This invention relates, in general, to semiconductor devices, and more particularly, to a method for a flip chip device and method of manufacture.
As the need for smaller and more efficient semiconductor devices increases, the desirability of using power copper structure in those devices also increases. This is due to the fact that power copper devices dissipate heat more efficiently than other devices. Also, power copper devices have relatively thick copper structures which have a lower impedance than typical semiconductor aluminum interconnections.
Not only is there a demand for power copper devices, there is also an interest in power copper devices which can be packaged as flip chips. A flip chip is a semiconductor that has solder pads built on and, therefore, can be directly soldered onto another component instead of using wire bonding or similar technique. However, combining the two technologies, power copper and flip chip design, has proven difficult.
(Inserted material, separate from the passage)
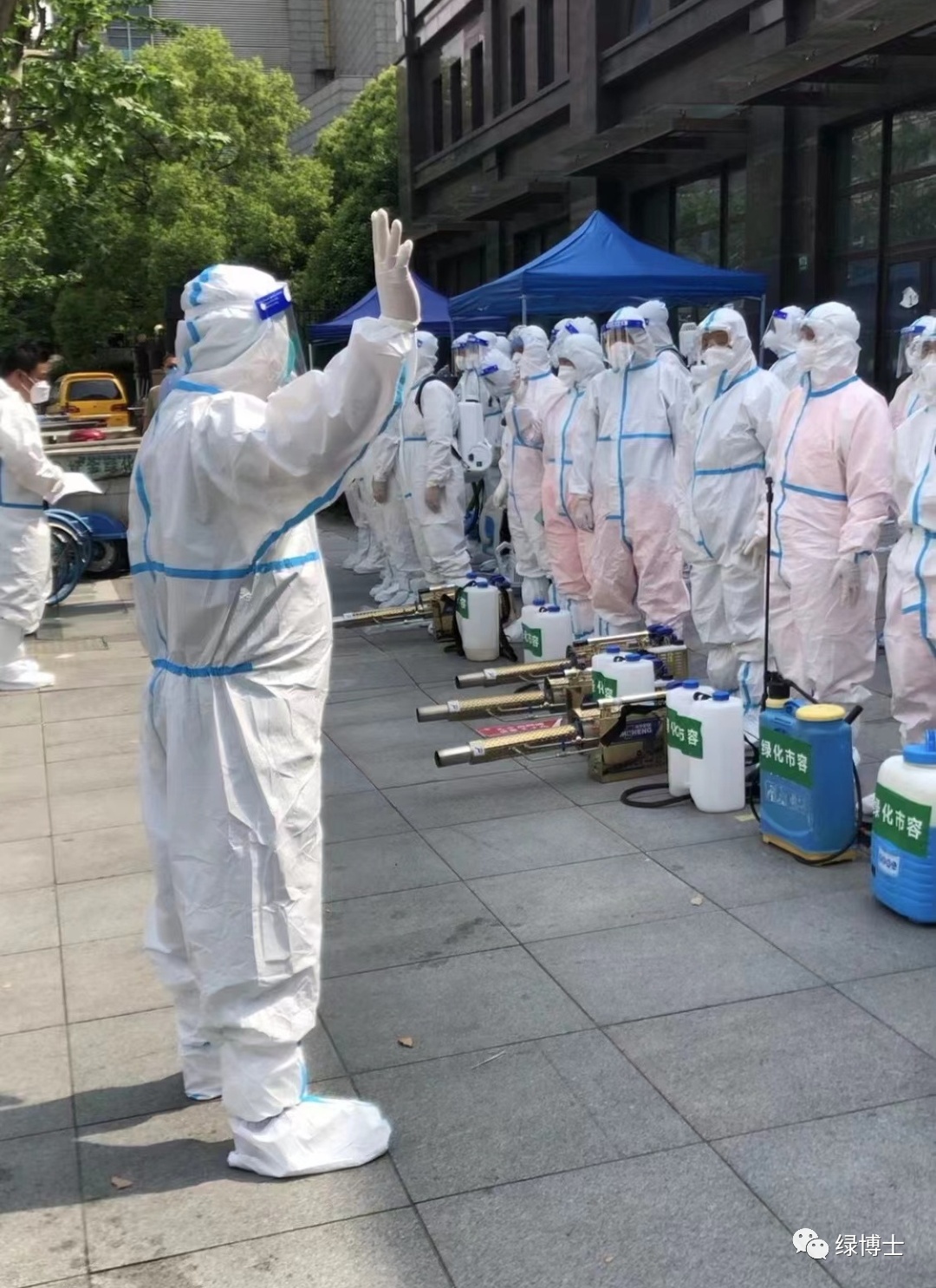 疫情期间张博和周围的绿化工作者们根据指挥安排做好防疫和消杀工作,保障绿化工作顺利推进,以确保市民们走出家门时能看到美好如常的绿化景观。

One proposed solution is to place solder directly onto the power copper structure. However, when this approach is used, the solder bumps collapse during assembly to the substrate. This is because copper is a wettable surface which causes the solder bump to collapse and spread out over the copper. To avoid solder bump collapse, adding a layer of polyimide has been proposed. However, the polyimide does not adhere well to metals and contains polyimide acids which work to cause copper dissolution in the power copper structure. Clearly a need exists for solutions to the aforementioned problems.